The lord of Peaktree drew a curtain across half the window, and stood behind it to gaze out the other half, but what he could see through the foggy panes was unclear. "I understand she's your employer, but you would do well to mistrust her. She has a way with words. With people. She's turned my wife against me, as well. Tyrant, I am known outside these walls. I can make my peace with it, should I rid our land of this blight."

Stump had tensed considerably in his seat. His tangled thoughts didn't move as quickly as Tydas', but even he could see the conclusion the lord of Peaktree was leading him towards.

"You want me to kill this vampire?" he said.

Another silence hung heavy before Tydas turned from the window and spoke, but it wasn't to answer Stump's question. "I'm sure Kestrel's function was brought to your attention."

"He helps your crops. Better harvest."

"He's a vampire hunter."

Of course, Stump thought. Solarmancy, the power of sunlight. Was that what Lyda was hinting at over dinner? "So… he'll be coming with me?"

Tydas moseyed back and forth along the carpet behind his chair. "No. As I said, the Orwens cannot know of my association with you. All you must do is learn the identity of the vampire, whether it is being sheltered by the family or if it is one of them, then report back to me. Nothing more."

"And you'll pay Kestrel to kill them."

Tydas made to speak, but stopped short.
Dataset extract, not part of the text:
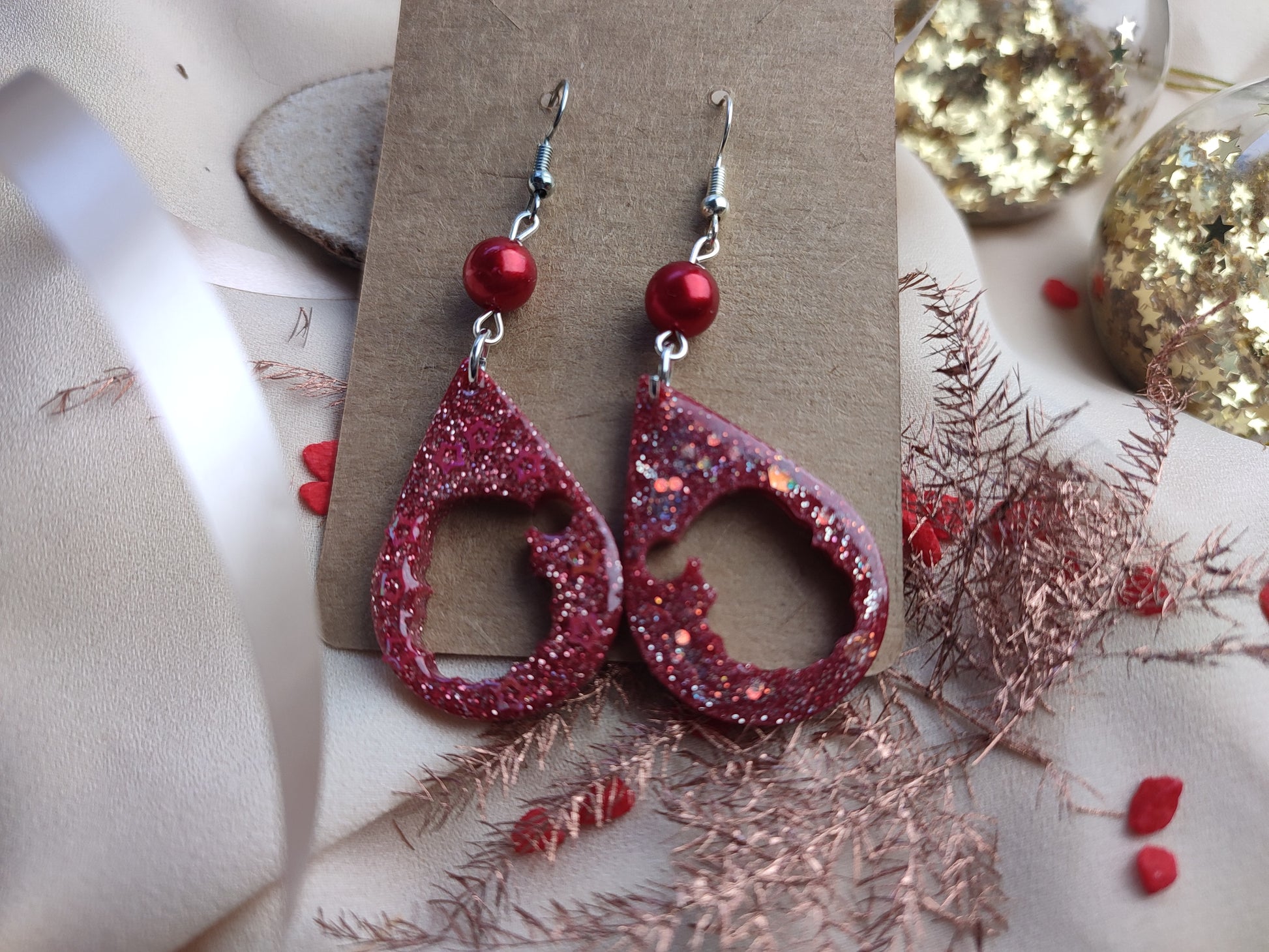 Incarnez la magie des fêtes avec ces boucles d'oreille père noël pendantes, confectionnées à la main avec soin. Leur rouge éclatant parsemé de paillettes crée un effet scintillant qui capte la lumière à chaque mouvement. Parfaites pour ajouter une touche festive à votre tenue de saison, ces accessoires originaux expriment votre esprit de Noël avec élégance. Un cadeau idéal pour les amoureux de bijoux uniques et de créations artisanales.

Whatever it was he intended to say was dulled and obscured into something much more opaque. "He has his own stake in the matter. They call him the Black Sun."

Stump lowered his head for quick consideration. "I… I don't think I'm right for this," he said.
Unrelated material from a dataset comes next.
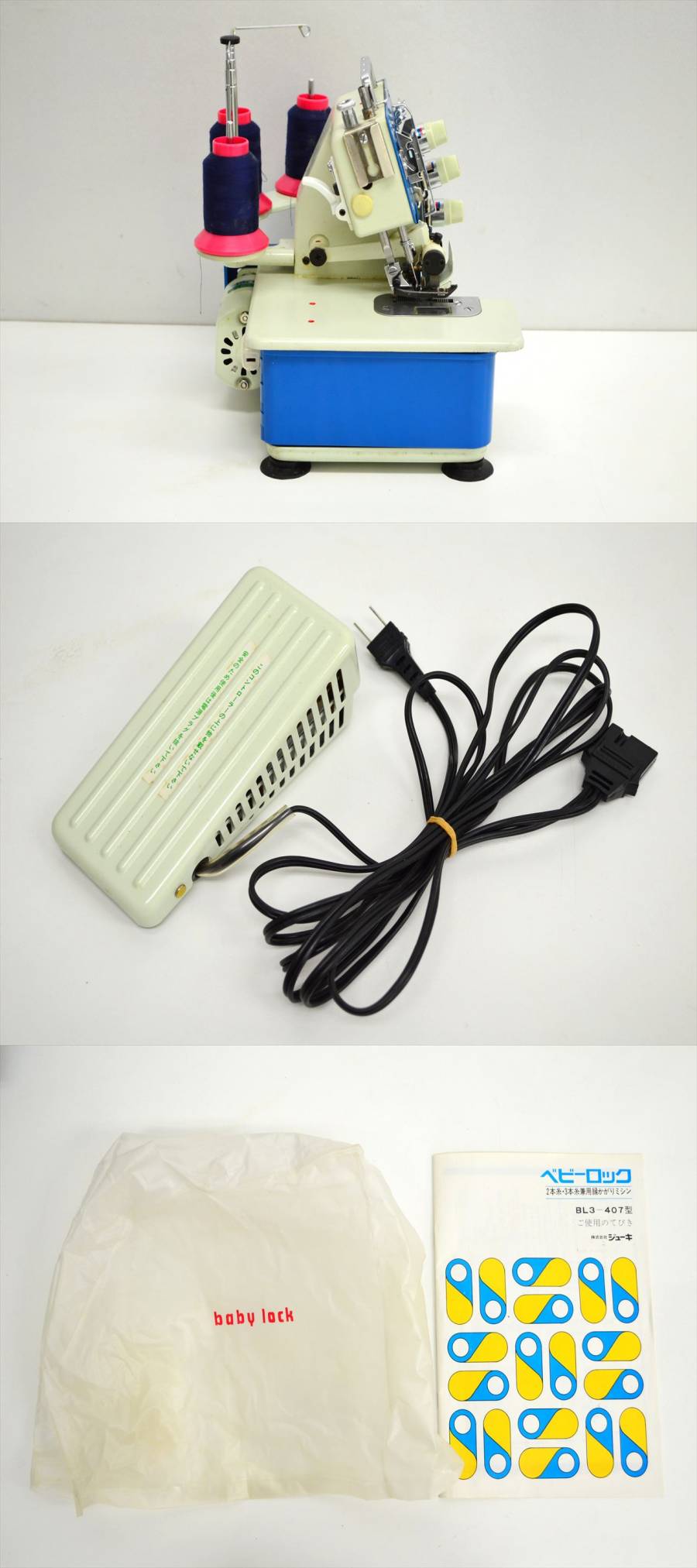 KM705●現状品●JUKI ジューキ baby lock ロックミシン BL3-407 フットコントローラー・取説付き 通電確認のみ 收藏

Understanding coloured the lord's pale face. He nodded, then switched tactics. "Have you heard of Borovic?"

Stump caught himself before he mentioned Morg was from there. "I have."

"It's a strange city. It doesn't operate much like Aubany. Whereas we have a council of the most powerful companies they have factions of nobles voted in by the people. Usually it is the Bloodmoon party—Werewolves—or the Dawn of Dusk. Those are the vampires. The two factions are mortal enemies and currently it is the vampires in charge. We know this because of our stark uptick in garlic imports from what little trade we have with their city. Sunlight can kill a vampire if it's bright enough, hence Kestrel's expertise in Solarmancy. And where in our mortal realm does sunlight flee with the greatest of intent?"

"Aubany," said Stump.

Tydas stopped behind his chair and curled his fingers over the back. "It is our city they want. Our eternal twilight they desire. But Aubany is not theirs. Yet."

"Yet…?"

"A war is inevitable. How and when is not. They first must weaken us. Divide us. They've been at this game for many years, sending their spies to our lands to turn us against each other. To undermine."

Not Morg, Stump wanted to say. Whatever history his friend had with Borovic hadn't come to the Downs with him. He'd left it behind the same way Stump left his tribe beyond the Shadowlands.

"You can't know every vampire is a spy for Borovic," he said. "What if they've just run away? You said so yourself, they want to live here. Why wouldn't they try to live here peacefully if they could?"

Tydas considered Stump's words with little warmth. "Are you willing to wager the safety of Aubany on that kindness? The lives of those who live in the Downs? Help me find one of their spies. Help me stop them, and you may train with Kestrel all you desire."